1. the raw material gas comprises the following components: h₂: balancing gas; h₂S：4.7ppm

Testing an instrument: KaPlus8000 enhanced plasma chromatograph, detection precision: 1ppb

Temperature/. degree.C	25	100	150	200	250	300
							H2S content/ppb	0.00	0.00	0.00	0.00	0.00	0.00

The combined desulfurizer can be used for removing 4.7ppm of H in hydrogen-rich gas at 25-300 DEG C₂S is removed to below 1 ppb.

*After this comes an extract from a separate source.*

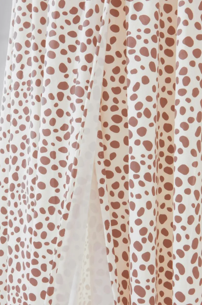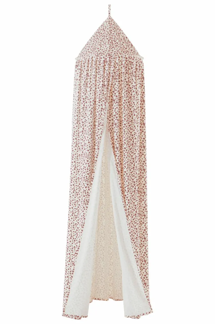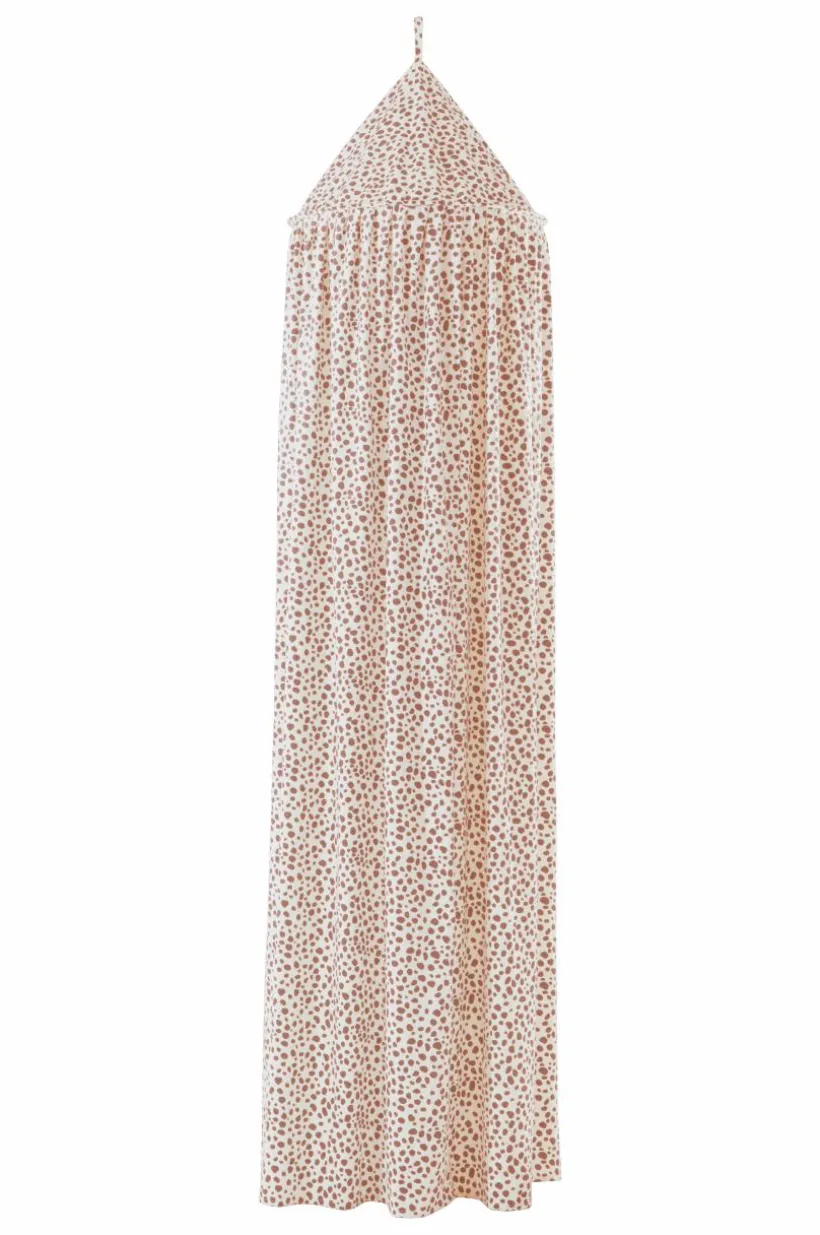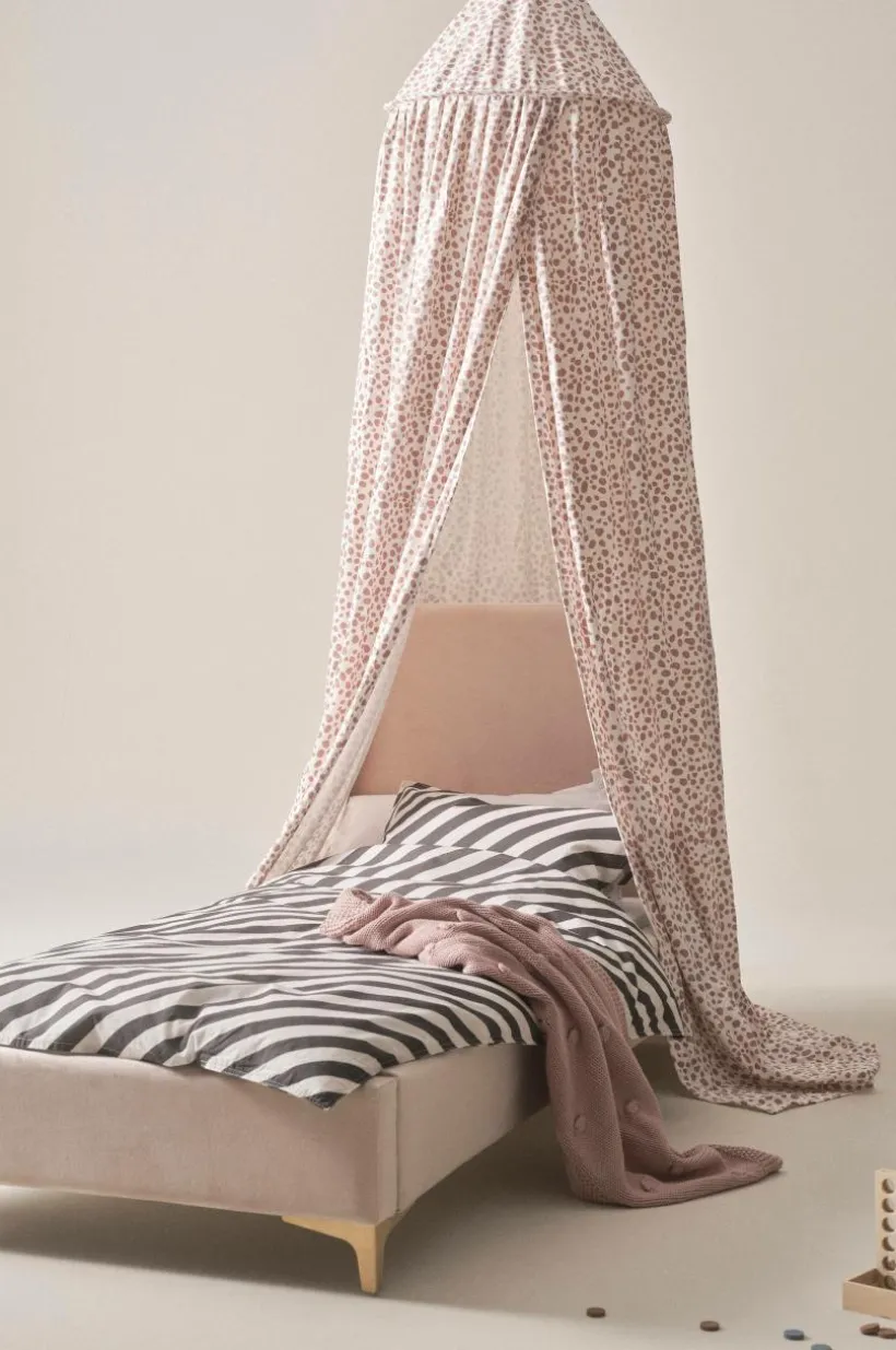 Sänghimmel i mjuk och följsam sammet av polyester med mysigt dalmatinerinspirerat tryck. Denna sänghimmel är rund upptill och öppen i framkant. En sänghimmel över barnsängen skapar ombonad atmosfär, det kan bli lite extra mysigt att gå och lägga sig.

2. The raw material gas comprises the following components: h₂: balancing gas; h₂S：100ppm

Testing an instrument: ka Plus8000 enhanced plasma chromatograph, detection precision: 1ppb

Temperature/. degree.C	25	100	150	200	250	300
							H2S content/ppb	0.79	0.93	0.00	0.00	0.00	0.00

The combined desulfurizer can be used for removing 100ppm H in hydrogen-rich gas at 25-300 DEG C₂S is removed to below 1 ppb. More preferably, the reaction conditions are 150-300 ℃.

3. When the feed gas contains CO, the removal effect of H2S can be influenced when the temperature is higher than 250 ℃;

the raw material gas comprises the following components: h₂: balancing gas; h₂S：4.7ppm；CO；20ppm

Testing an instrument: ka Plus8000 enhanced plasma chromatograph, detection precision: 1ppb

Temperature/. degree.C	25	100	150	200	250	300
							H2S content/ppb	0.00	0.00	0.00	0.00	3.26	8.16

If the feed gas contains CO, the desulfurization effect of the combined desulfurizer is influenced. When the hydrogen-rich gas contains 4.7ppm of H2S and 20ppm of CO, the using temperature is 25-200 ℃, and when the temperature is higher than 250 ℃, the desulfurization effect is reduced along with the temperature increase.

The above embodiments are provided to further explain the objects, technical solutions and advantages of the present invention in detail, it should be understood that the above embodiments are merely exemplary embodiments of the present invention and are not intended to limit the scope of the present invention, and any modifications, equivalents, improvements and the like made within the spirit and principle of the present invention should be included in the scope of the present invention.